Cysteine Leukotriene Receptor Antagonist-Montelukast-Treatment Improves Experimental Abdominal Aortic Aneurysms in Mice

Abstract

Background: Cysteinyl leukotrienes (LTs) and their receptors are involved in the pathogenesis of abdominal aortic aneurysms (AAAs). However, whether CysLT1 receptor antagonists such as montelukast can influence experimental nondissecting AAA remains unclear. Methods: Nondissecting AAAs were induced in C57BL/6J mice by transient aortic luminal infusion of porcine pancreatic elastase (PPE). All animals were administrated montelukast (1 or 10 mg/kg, daily) or vehicle by gavage beginning 1 day before PPE infusion for 14 days. On day 0 (baseline) and day 14 after PPE infusion, abdominal aortic diameters were directly measured. Aortic aneurysmal segment samples were collected, and histopathological analysis was performed.

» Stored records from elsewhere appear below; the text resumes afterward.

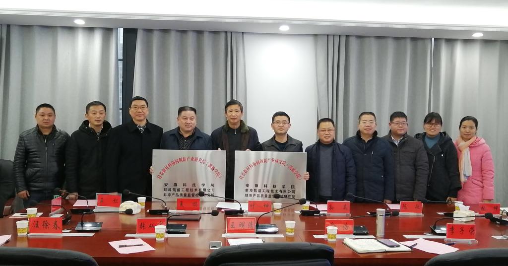 12月17日下午,安徽科技学院与蚌埠凯盛工程技术有限公司、蚌埠产品质量监督检验研究院合作共建硅基新材料协同创新产业研究院签字仪式在龙湖校区综合信息中心317会议室举行。蚌埠凯盛工程技术有限公司总经理叶坤、副总经理夏鹏,蚌埠产品质量监督检验研究院副院长孙葳、人力资源部部长陈敏等,安徽科技学院科研处副处长张从宇、化学与材料工程学院党政领导共同参加了签字仪式。会议由化学与材料工程学院党总支书记王明清主持。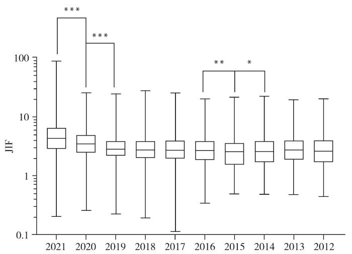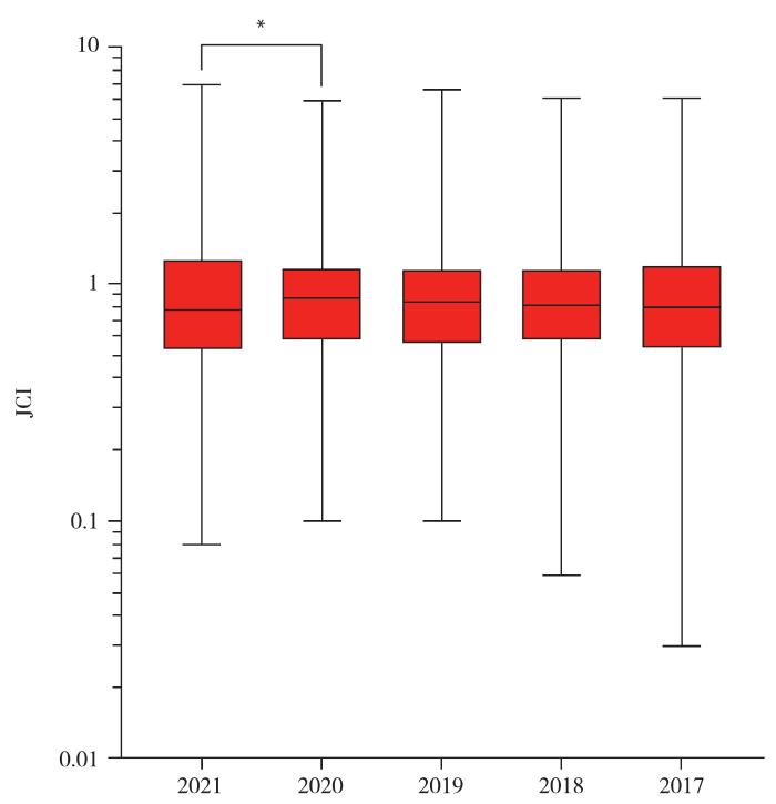 以JCR中传染病学领域期刊作为研究对象,2021年JCR收录传染病学领域期刊95种,其中Medecine ET Maladies Infectieuses在2021年更名为Infectious Diseases Now,因此合并两个刊数据,最终研究94种期刊。从JCR中获取94种期刊2012—2021年间的影响因子(JIF)、载文量(Citable Items)及期刊引文指标(JCI),如果当年指标为空,则记为缺省值,其中JCI只有2017—2021年5年数据。通过Web of Science收集2019年和2020年各期刊每年发表的论文和综述数量及其他类型的文献数量;并通过引文报告,获得两种类型文献在发表后每年分别获得的被引频次。研究还通过限定Publication/Source Titles,使用检索词(Topic = covid-19 or sars-cov-2 or novel coronavirus)来筛选其中与新冠肺炎疫情相关的文献,收集2020年和2021年各刊发表的相关文献数量,以及在发表后每年获得的被引频次,以上数据于2022年7月31日收集。期刊文献学科排名百分位数于2023年3月2日使用InCites数据库收集。研究中使用的差异性检验均为非参数检验方法,因为引文指标普遍不符合正态分布,对不同年份间的指标差异使用Wilcoxon符号秩检验,而相关性检验则使用Spearman相关性分析,以上均使用IBM SPSS Statistics 22完成,绘图使用Excel和GraphPad Prism 8完成。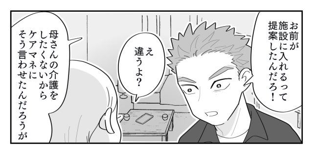 仕事から帰ってきた夫にケアマネジャーさんとの話を伝えると、夫は「施設」という言葉に怒りをあらわにしました。けれど義母の施設入居を検討するのは、義父とも話し合って決めたこと。夫は気に食わないのかもしれないけれど、他にどんな方法があるというのでしょうか。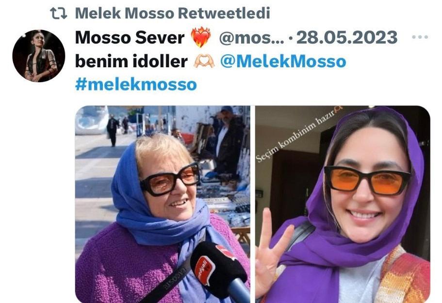 CHP belediyelerinin müzikçisi Melek Mosso, AK Parti’li bayanlara ‘o….u’ diyerek küfreden bayanı sahiplenmişti. Mosso, 2023 seçimlerinde oy kullanmaya giderken küfürbaz bayanla tıpkı renk tülbent ve gözlük takmıştı. “Benim idoller” paylaşımıyla küfürcü bayanla tıpkı biçim kıyafet giydiğini duyurmuştu.

Results: Compared to vehicle treatment, montelukast significantly decreased PPE infusion-induced aortic expansion in a dose-dependent manner (0.09-mm reduction at a low dose and 0.19-mm reduction at a high dose). Histopathological analysis also revealed that compared with vehicle treatment, montelukast treatment, especially in the high-dose group, significantly improved PPE-induced aortic elastin degradation and medial smooth muscle cell depletion. Both doses of montelukast also markedly decreased the number of local leucocytes, including macrophages, CD4⁺ T cells, CD8⁺ T cells, and B cells, infiltration and accumulation in aortic aneurysmal lesions. Montelukast treatment also downregulated matrix metalloproteinase 2 (MMP2) and MMP9 expression and inhibited mural angiogenesis in aneurysmal aortas. Conclusion: Montelukast treatment improves experimental nondissected AAAs in mice partly by improving aortic inflammation.

Keywords: abdominal aortic aneurysm; elastin; inflammation; montelukast; smooth muscle cells.

Figure 1

Montelukast inhibits the increase in aortic diameter in mice with experimental AAAs. (a) Experimental design: all mice received PPE infusion to model AAAs. Two doses of montelukast (1 or 10 mg/kg, daily) or vehicle were given by gavage (n = 10 each group). (b) Aortic diameters on Day 0 (baseline) and Day 14 (sample collection timepoint) after PPE infusion. Two-way ANOVA with multigroup comparisons was performed; ⁣^∗∗p < 0.01. (c) Representative images of abdominal aortas on Day 0 and Day 14 after surgery. (d) Increase in aortic diameter over baseline (%). One-way ANOVA with comparisons between two groups was carried out (⁣^∗∗p < 0.01).

Figure 2

Montelukast inhibits PPE infusion–induced aortic medial elastin destruction and SMC depletion. (a) Representative images of histopathological staining of aneurysmal aortic segments in frozen sections. (b) Histological grading and semiquantification of aortic medial elastin (n = 10/group). (c) Histological grading and semiquantification of aortic medial SMC depletion (n = 10/group). One-way ANOVA with a multigroup nonparametric Kruskal–Wallis test was performed (⁣^∗p < 0.05 and ⁣^∗∗p < 0.01). NS, not significant.

Figure 3

Montelukast decreases aortic leukocyte accumulation. (a) Representative images of aortic infiltrated leukocytes, macrophages, T cells, and B cells. (b–e) Quantification or semiquantification of leukocyte subsets per ACS (n = 10/group). For normally distributed data, one-way ANOVA was used (for T cells and B cells), and the nonparametric Kruskal–Wallis test was used for semiquantification of the macrophage score. ⁣^∗p < 0.05 and ⁣^∗∗p < 0.01.

Figure 4

Montelukast downregulated MMP2 and MMP9 expression. (a) Representative IHC images of aortic MMP2 and MMP9. (b, c) Quantification of MMP2- and MMP9-positive areas in the aneurysmal aorta. One-way ANOVA was used (n = 10/group). ⁣^∗∗p < 0.01.

Figure 5

Montelukast treatment reduces mural neovessel numbers. Mural neovessels were marked by CD31 IHC staining, and angiogenesis was evaluated by counting the number of neovessels per ACS. One-way ANOVA was performed for statistical analysis (n = 10/group). ⁣^∗∗p < 0.01.